# Under substrate fertilizer for Hemianthus callitrichoides



## menudown (31 Aug 2013)

Hi folks!
I'm a recently joined new member of this society from Korea. But I got a great help for my hemianthus callitrichoides which was yellowing and floating for poor CO2 distribution. Many thanks to 'Ceg4048'.

My first question is that does HC absorb nutrition mainly from their root so do I need to reset my tank after they consumed all fertilizer under substrate? 

Second question is do regular trimming can prevent HC from choking and melting bottom layer?


----------



## zanguli-ya-zamba (31 Aug 2013)

Hi,
Welcome mate ! 
Foliar uptake is easier for plant so they will choose that route.
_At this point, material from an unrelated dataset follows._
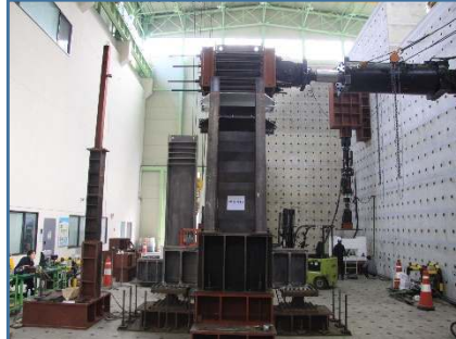
강재 접합부 성능시험

This will be for HC, crypts, sword Etc...
They will use less energy to take nutrient from there, because it is shorter for them to bring nutrient from leave to tip of the plant, than from roots to tip. 
If you dose water at EI level (high concentration of nutrient) you don't need to have a nutrient rich substrate. So even if roots uptake is a "must" for certain plant, you don't need to put additives in there. 
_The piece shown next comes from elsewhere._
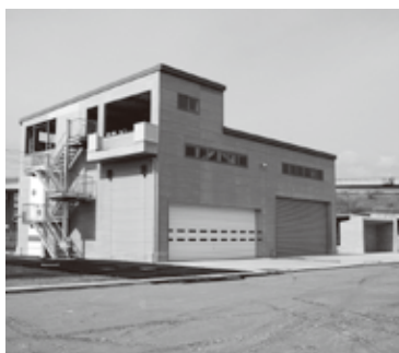
▲第二次出動車両を収納する別棟車庫。

Trimming HC will not prevent HC from melting. Melting and yellowing is due to poor CO2 methods. But if CO2 is good trimming will help the HC to grow more compact and to side shoot. 

Hope that help mate and that it makes sense. 

Cheers


----------



## Andy Thurston (31 Aug 2013)

If you dont trim hc regularly it will lift where the lower part is starved of light. I cut mine right back as far as i dare when it gets to 2-3 cm high.


----------